My hands were still bound. I lay on the heavily carpeted floor,
alone with the Bomb.
3:42:01... 3:42:00... 3:41:59...
The silent, florescent display counted down the seconds until an
inevitable 30-kiloton nuclear blast. Morgan had said the Bomb could not
be disarmed, and he'd had no reason to lie.
I got myself turned around and managed to get on my feet. My hands
were still bound to the arms of the chair. I gingerly hobbled over to
the shattered window, through which poured the chilly November air. The
jagged glass cut through one of my bonds, giving me a gash across the
wrist in the process, and soon I was free of the chair. Glancing down to
the street, I saw tiny flashing red lights converging on the area where
I knew Morgan's remains must be splattered. Not good; I'd hoped to get
out of here unnoticed. The surrounding streets would be crawling with
CFGM Security by the time I reached the ground floor.
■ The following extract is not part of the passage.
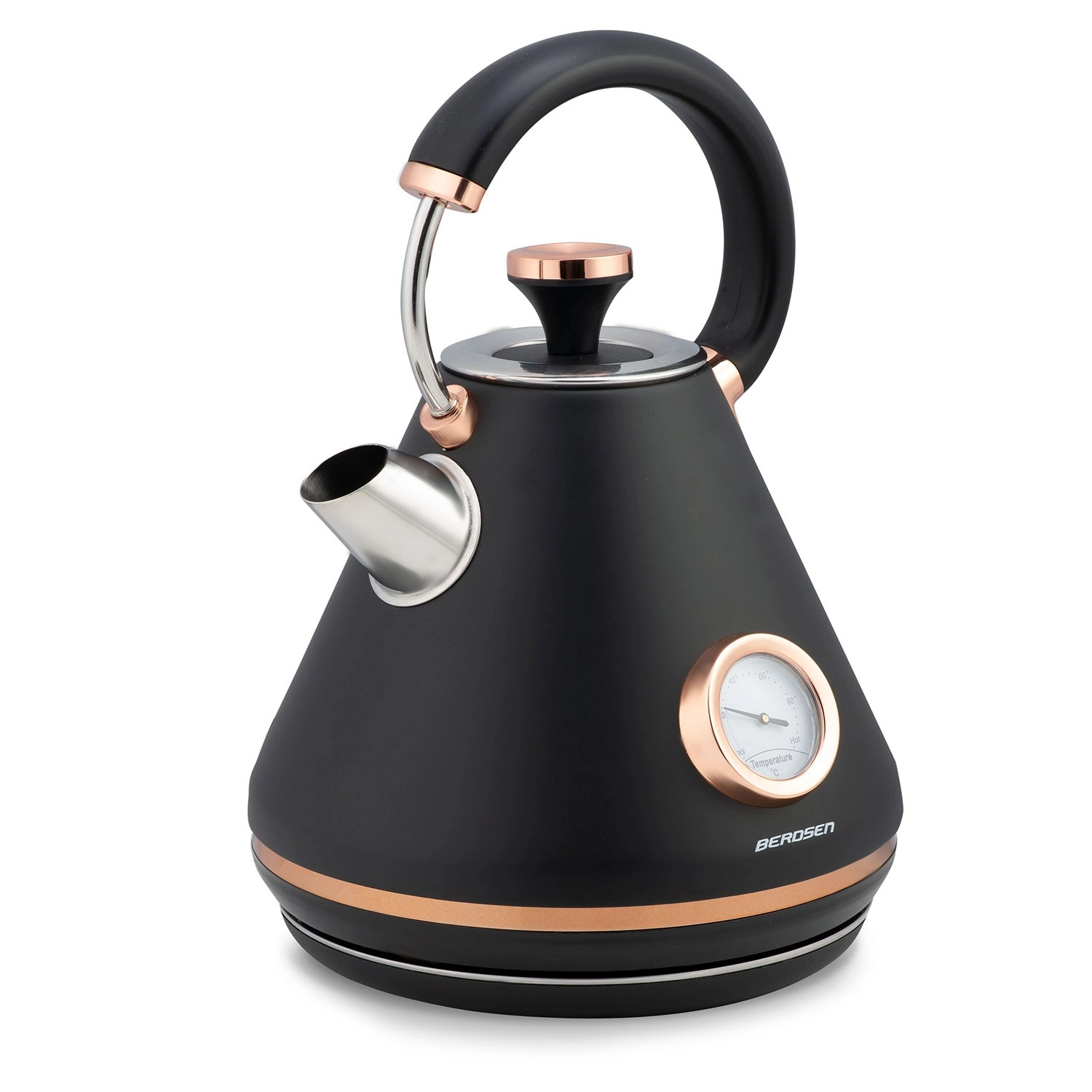 Obohaťte svou kuchyň o elegantní retro konvici Berdsen s objemem 1,7 l. Díky vestavěnému teploměru snadno zvolíte ideální teplotu pro zelený čaj, kávu i bylinkové nápoje. Matné kovové provedení se snadno udržuje a dodá interiéru prémiový vzhled.

I turned my attention to the Bomb. Within just over three and a
half hours, it would have to be taken to a place where it could be
detonated with relatively little harm. There wasn't time. Morgan and
his henchmen had kept the theft of the Bomb a secret from the public,
and I could not deal with CFGM Security, which policed the city. It
could not be exploded on the surface anywhere in the populous East. A
fast military plane might get it to the Nevada desert in time, but how
could I convince the Air Force or the Navy of the urgency of the
situation? And how could I trust them? I had no idea how extensive the
conspiracy was. Searching my memory, I thought of one place it could be
taken that might suffice: the extensive salt mines under the city. I
knew I would have to take it there myself.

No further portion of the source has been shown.